What executable do I need to FIREWALL BLOCK to stop this forced update insanity?? I turned on the 'metered ISP service' option in the WiFi settings yesterday which was supposed to prevent this debacle from recurring. :angry: :angry:

There is no other option for us at present unless LINUX & WINE can run everything we need. I simply don't have the time at present to experiment with that option. I am totally unfamiliar with LINUX other than as a boot CD option for the drive imaging software we use. :frown:

Stuck between the DEVIL INCARNATE (WIN10) & the deep blue Caribbean sea...... 

*


----------



## jenae (Jun 17, 2008)

Hi, maybe the patch will help:-

https://support.easyworship.com/support/discussions/topics/6000022917


----------



## Wizmo (Apr 3, 2011)

jenae said:


> Hi, maybe the patch will help:-
> 
> https://support.easyworship.com/support/discussions/topics/6000022917


*Hi Jenae,

Unfortunately the patch will invalidate the current license registration which we have been graciously allowed to keep. :uhoh: I saved a snapshot backup of the drive image before trying it, so I simply re-imaged the drive back to square one.
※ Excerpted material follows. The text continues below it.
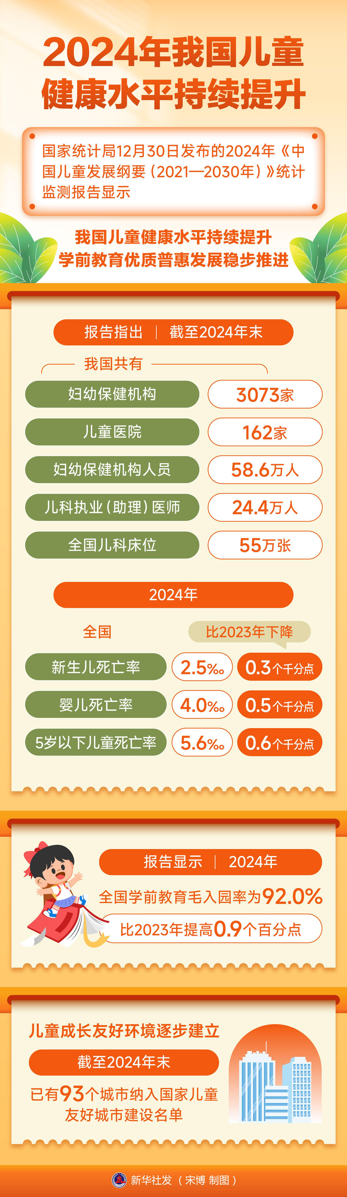 国家统计局12月30日发布的2024年《中国儿童发展纲要(2021—2030年)》统计监测报告显示,我国儿童健康水平持续提升,学前教育优质普惠发展稳步推进。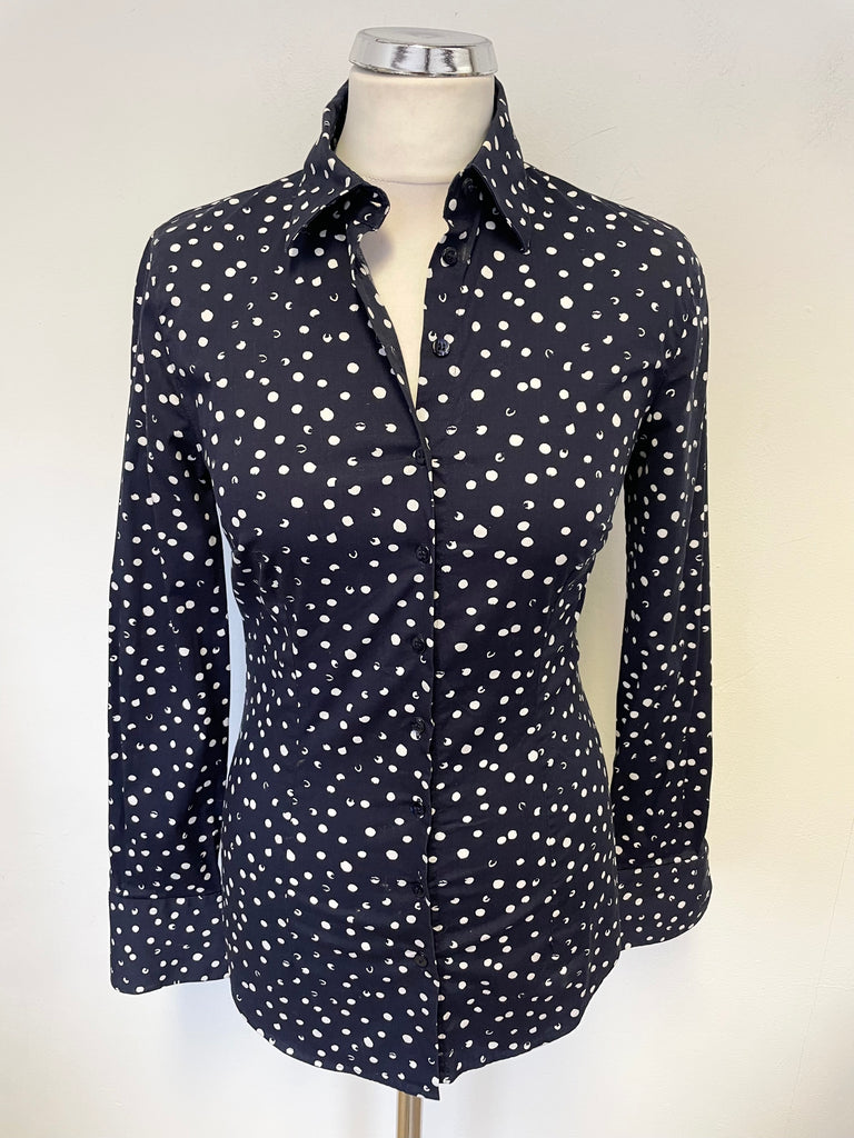 HAWES & CURTIS NAVY & WHITE SPOT PRINT COLLARED FITTED LONG SLEEVED SHIRT SIZE 8

An associate has suggested creating a virtual machine running WIN7 (under Win10) and trying it out there. I'm inclined to try that solution, but have ZERO experience with virtualization at all. I guess there's no time like the present to learn! I really am growing to further despise WIN10, as it seems to be following the MAC model of planned obsolescence and forced major software upgrade costs with OS changes. :sad:

That same friend is running a custom made rental accommodation software from 1992 (16bit DOS!) that is "orphan-ware" since 2006, but still works fine and has no path to export/import the extensive database and history files into any of the currently available and very expensive custom packages. At present he can track a visitor's vacation rental history and details all the way back to the opening of the property in 1992! It has come in very handy for owners/heirs who need to document rental history for loooong periods when marketing a unit! :dance:

If anyone has a good tutorial source for setting up a virtual machine, please advise. :wink:*


----------